Task item
Please restate word for word each line from the one containing "DETAILS AND INSIGHT" to the last line of the records below, and drop the pictures.

Records provided
......
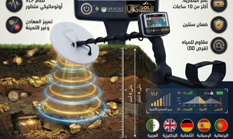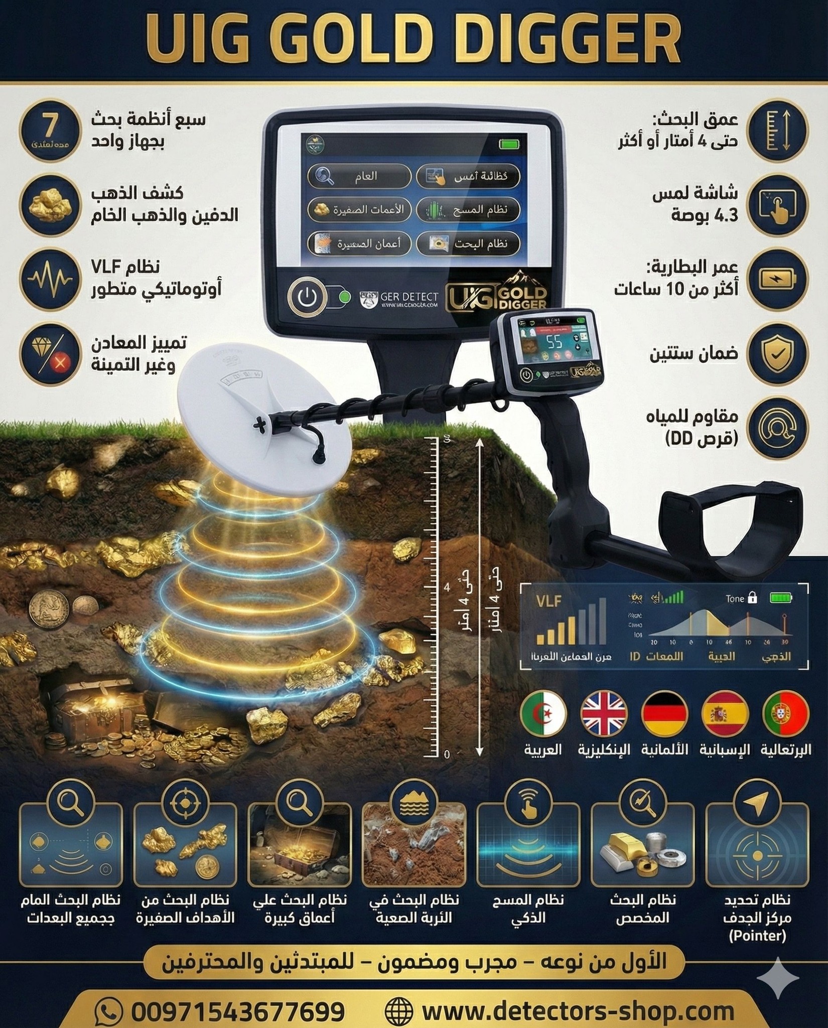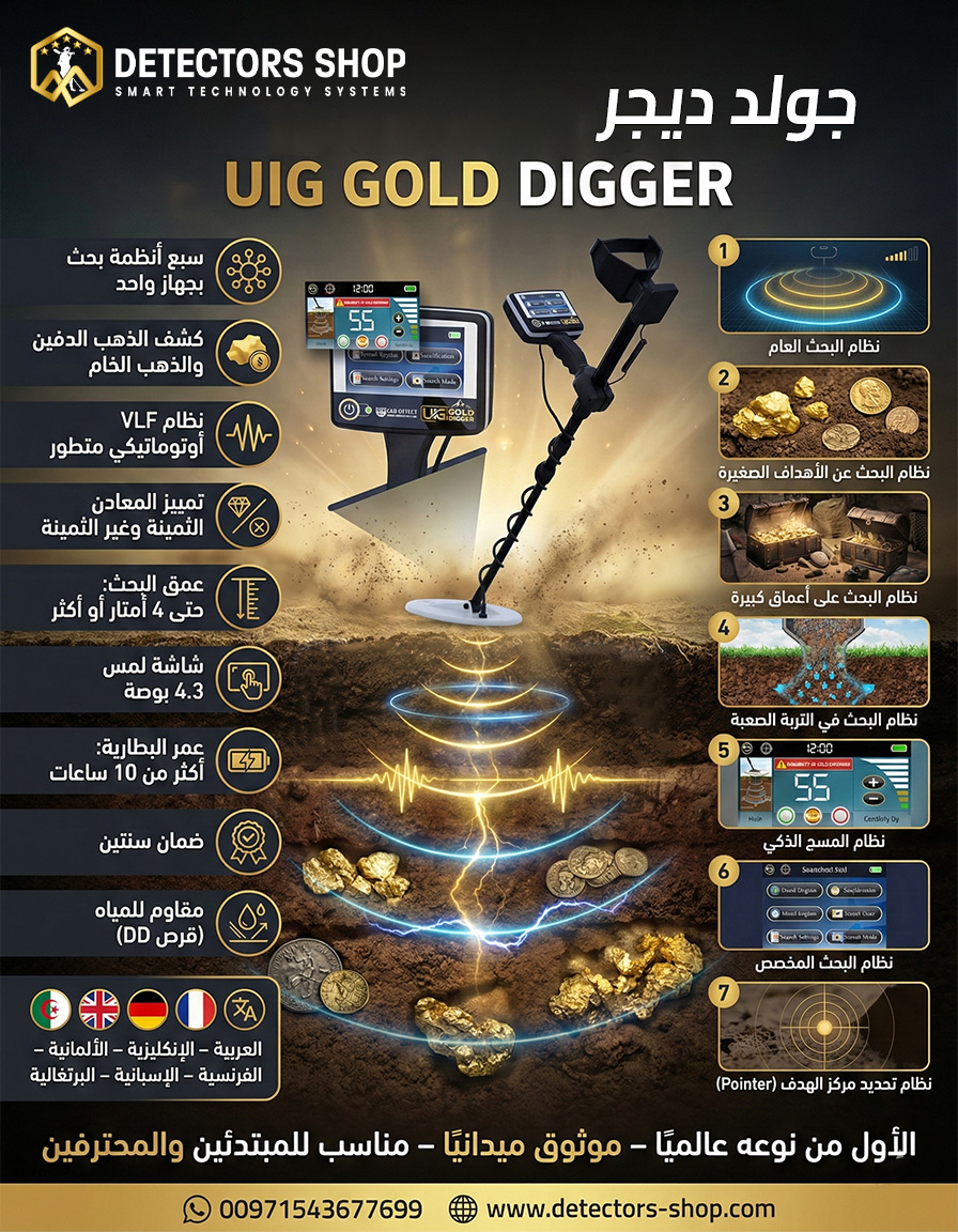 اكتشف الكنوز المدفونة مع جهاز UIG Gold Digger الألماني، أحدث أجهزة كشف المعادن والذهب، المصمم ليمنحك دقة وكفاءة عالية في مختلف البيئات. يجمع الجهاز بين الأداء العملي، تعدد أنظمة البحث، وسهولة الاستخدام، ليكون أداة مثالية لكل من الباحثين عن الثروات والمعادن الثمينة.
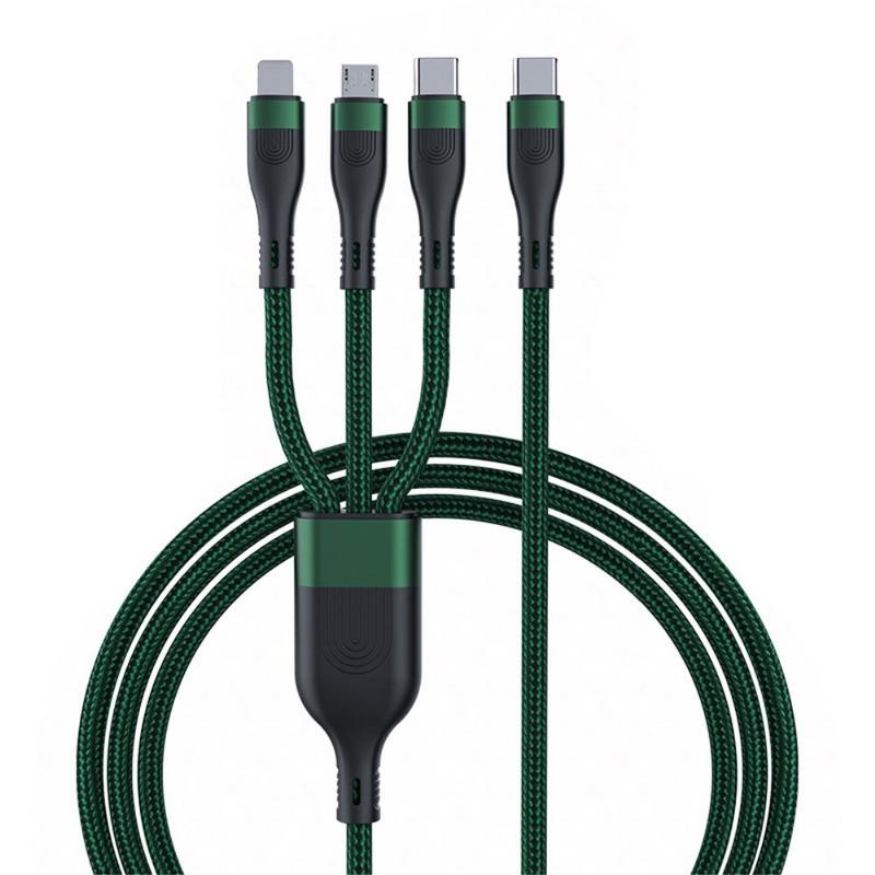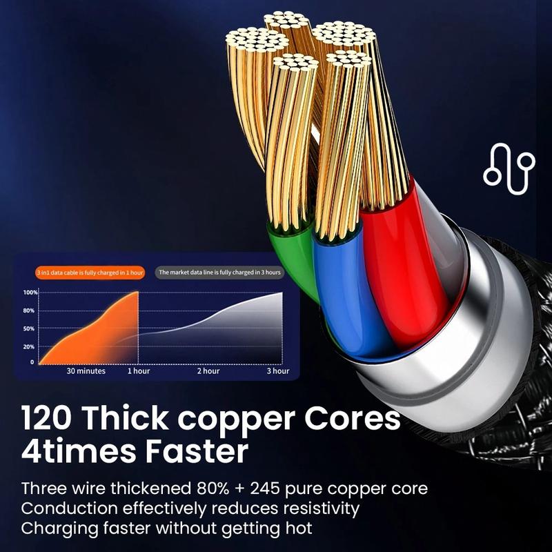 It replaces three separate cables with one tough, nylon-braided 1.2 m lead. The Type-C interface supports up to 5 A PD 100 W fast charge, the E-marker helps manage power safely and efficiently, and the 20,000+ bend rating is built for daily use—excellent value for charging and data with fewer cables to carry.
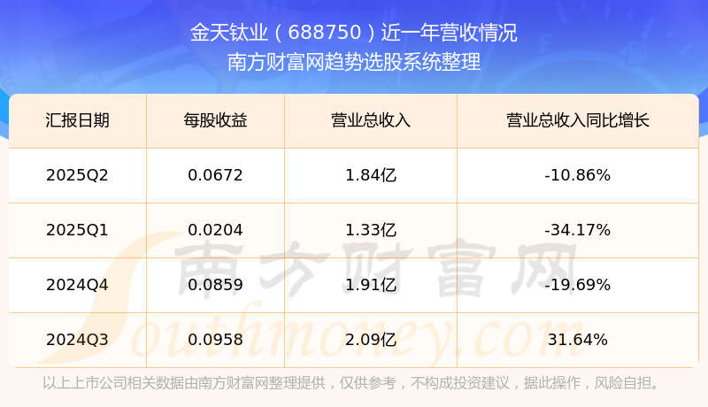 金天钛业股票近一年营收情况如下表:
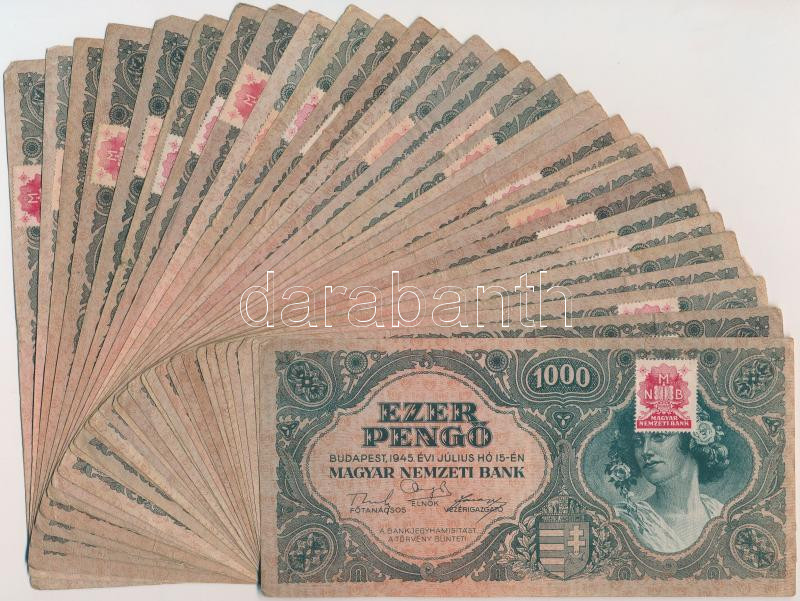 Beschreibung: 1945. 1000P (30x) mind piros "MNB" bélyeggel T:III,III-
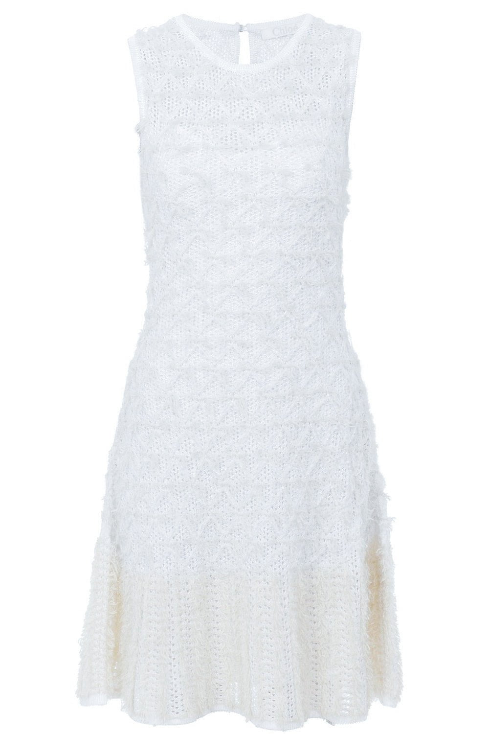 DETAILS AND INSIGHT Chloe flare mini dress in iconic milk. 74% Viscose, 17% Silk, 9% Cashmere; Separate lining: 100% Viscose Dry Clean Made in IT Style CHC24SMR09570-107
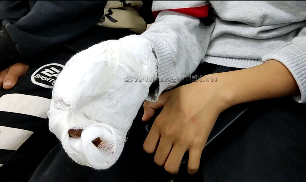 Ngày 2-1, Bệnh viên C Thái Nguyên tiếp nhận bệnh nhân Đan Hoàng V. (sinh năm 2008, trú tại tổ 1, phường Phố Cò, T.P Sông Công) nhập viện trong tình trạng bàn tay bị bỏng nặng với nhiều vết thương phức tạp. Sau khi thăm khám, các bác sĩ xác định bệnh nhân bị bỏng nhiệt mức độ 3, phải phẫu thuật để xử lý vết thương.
......
Answer area
 DETAILS AND INSIGHT Chloe flare mini dress in iconic milk. 74% Viscose, 17% Silk, 9% Cashmere; Separate lining: 100% Viscose Dry Clean Made in IT Style CHC24SMR09570-107
 Ngày 2-1, Bệnh viên C Thái Nguyên tiếp nhận bệnh nhân Đan Hoàng V. (sinh năm 2008, trú tại tổ 1, phường Phố Cò, T.P Sông Công) nhập viện trong tình trạng bàn tay bị bỏng nặng với nhiều vết thương phức tạp. Sau khi thăm khám, các bác sĩ xác định bệnh nhân bị bỏng nhiệt mức độ 3, phải phẫu thuật để xử lý vết thương.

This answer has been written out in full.